### Task objective
Without the pictures, give the listing below again exactly.

### Data block
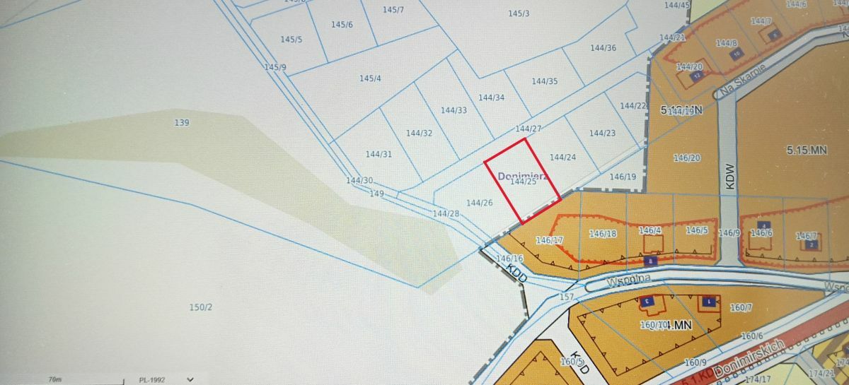 Działka pod zabudowę jednorodzinną (nr ewidencyjny 144/25) o powierzchni 1045 m2, położona w Donimierzu, w powiecie wejherowskim, w gminie Szemud.Dla terenu wydano warunki zabudowy ustalające między innymi:
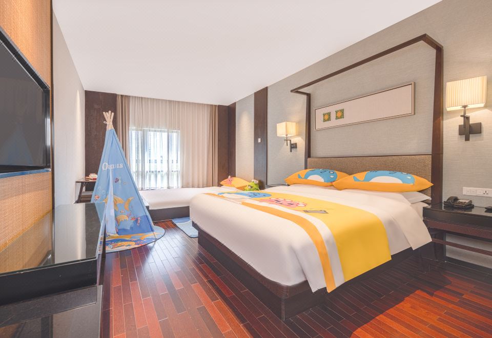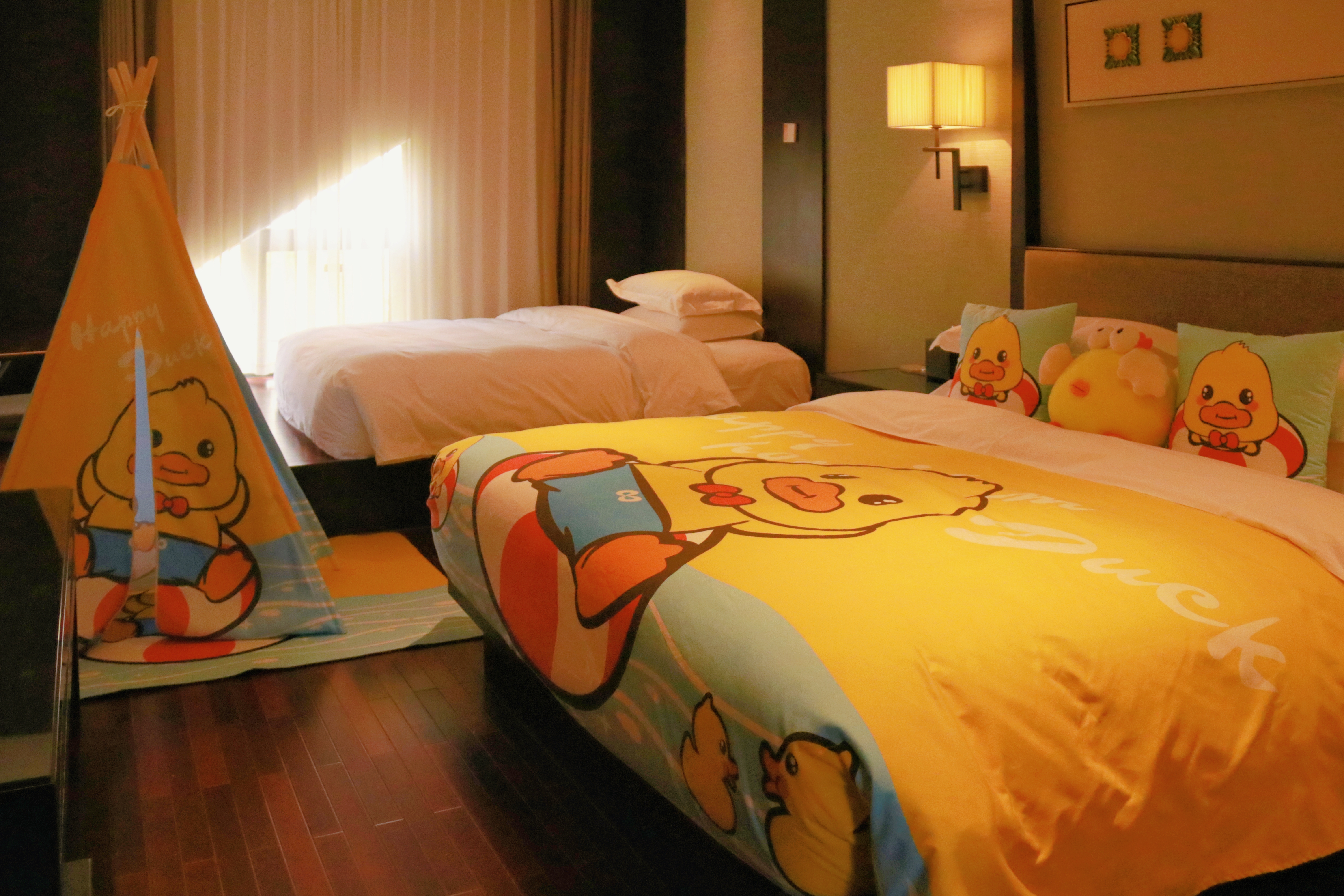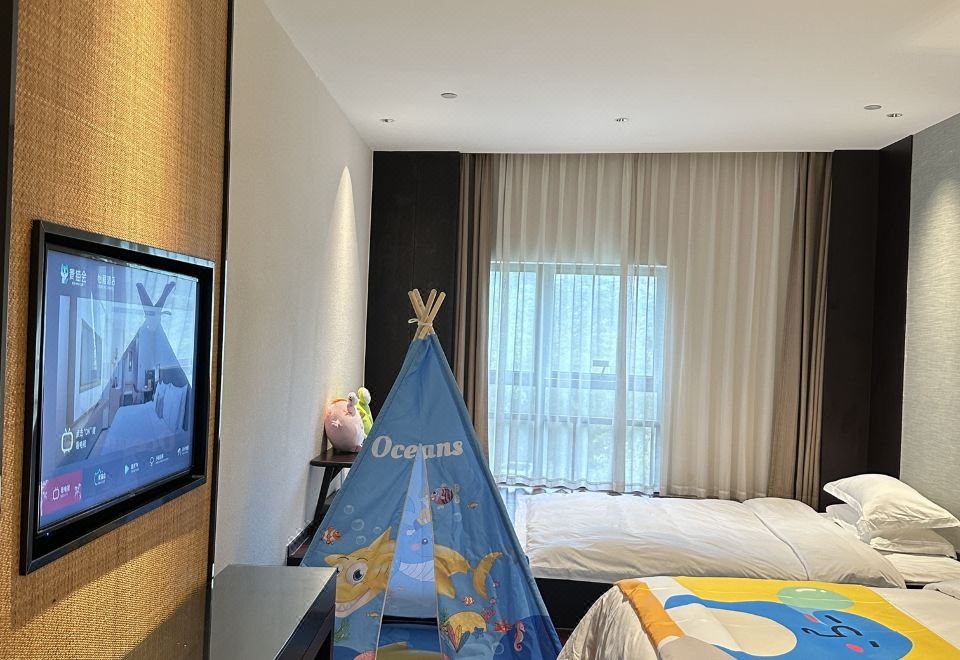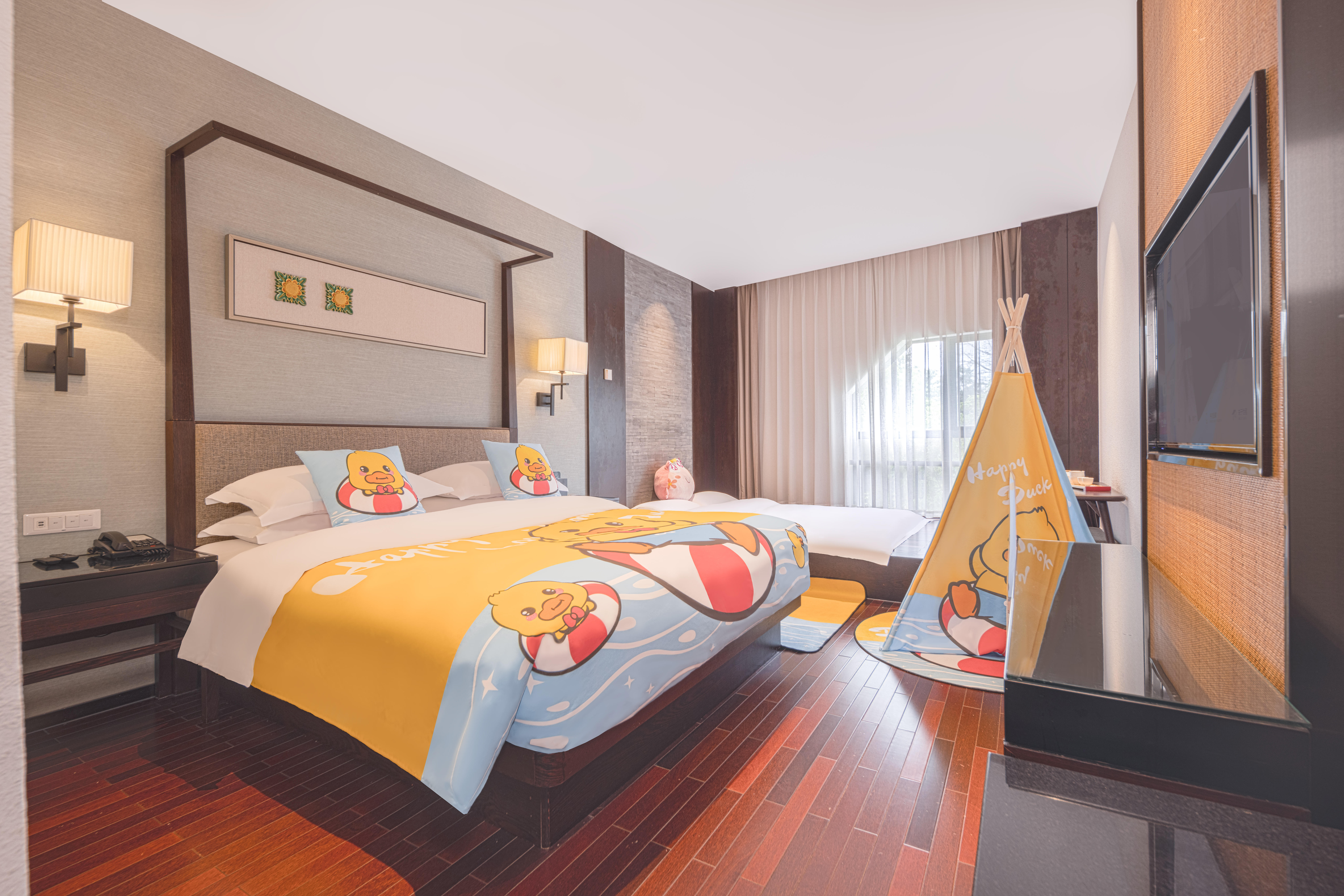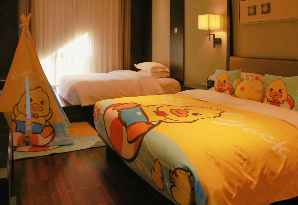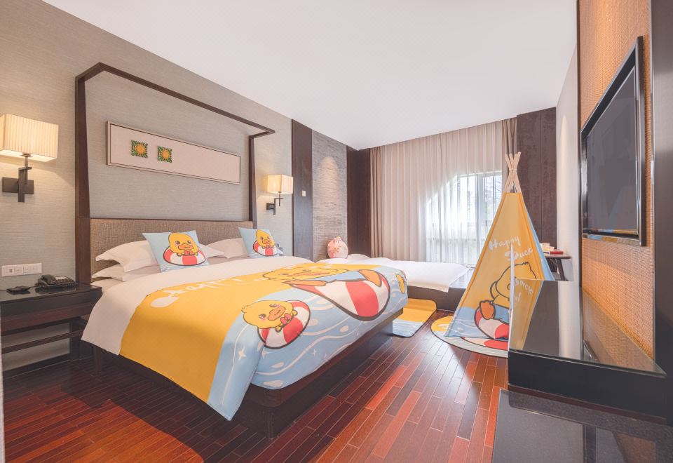 度假鸭家庭主题房(园林景观+Mini冰箱&品茗茶具)
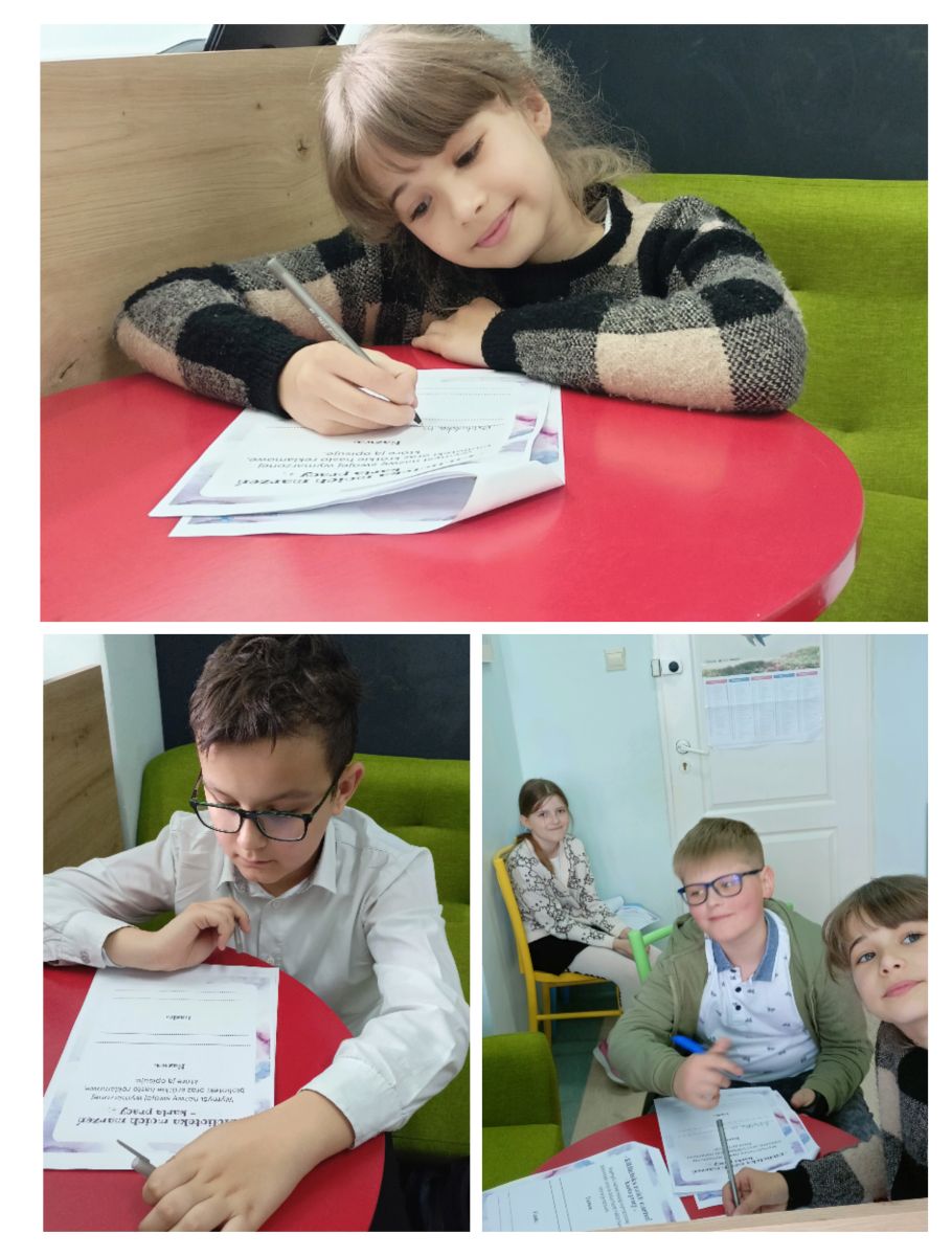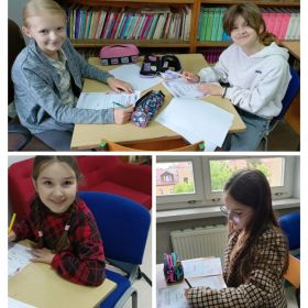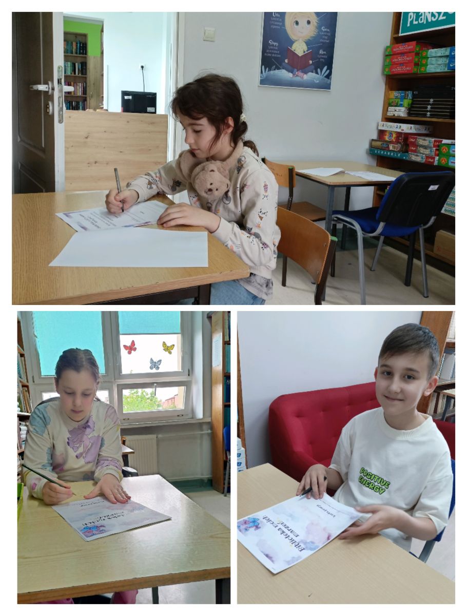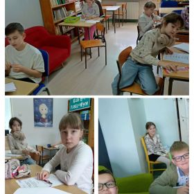 W dniach 8–15 maja obchodziliśmy Tydzień Bibliotek. Tegoroczne hasło akcji – „Biblioteka. Lubię tu być!” – stało się punktem wyjścia do wielu działań, w których uczniowie chętnie brali udział. Podczas zajęć dzieci miały okazję zastanowić się, czym dla nich jest biblioteka i co sprawia, że dobrze się w niej czują. Wśród wypowiedzi znalazły się m.in.: „Biblioteka to miejsce, gdzie mogę być sobą”, „Biblioteka to najlepsze miejsce”, „Tu mogę się wyciszyć i odpocząć". Uczniowie wypełniali specjalnie przygotowane karty pracy, w których dzielili się swoimi pomysłami na idealne miejsce do czytania i odpoczynku. Rozważały, kiedy biblioteka powinna być otwarta, jakie przestrzenie mogłyby się w niej znaleźć i co sprawiłoby, że byłaby jeszcze bardziej przyjazna.

### Finished task
 Działka pod zabudowę jednorodzinną (nr ewidencyjny 144/25) o powierzchni 1045 m2, położona w Donimierzu, w powiecie wejherowskim, w gminie Szemud.Dla terenu wydano warunki zabudowy ustalające między innymi:
 度假鸭家庭主题房(园林景观+Mini冰箱&品茗茶具)
 W dniach 8–15 maja obchodziliśmy Tydzień Bibliotek. Tegoroczne hasło akcji – „Biblioteka. Lubię tu być!” – stało się punktem wyjścia do wielu działań, w których uczniowie chętnie brali udział. Podczas zajęć dzieci miały okazję zastanowić się, czym dla nich jest biblioteka i co sprawia, że dobrze się w niej czują. Wśród wypowiedzi znalazły się m.in.: „Biblioteka to miejsce, gdzie mogę być sobą”, „Biblioteka to najlepsze miejsce”, „Tu mogę się wyciszyć i odpocząć". Uczniowie wypełniali specjalnie przygotowane karty pracy, w których dzielili się swoimi pomysłami na idealne miejsce do czytania i odpoczynku. Rozważały, kiedy biblioteka powinna być otwarta, jakie przestrzenie mogłyby się w niej znaleźć i co sprawiłoby, że byłaby jeszcze bardziej przyjazna.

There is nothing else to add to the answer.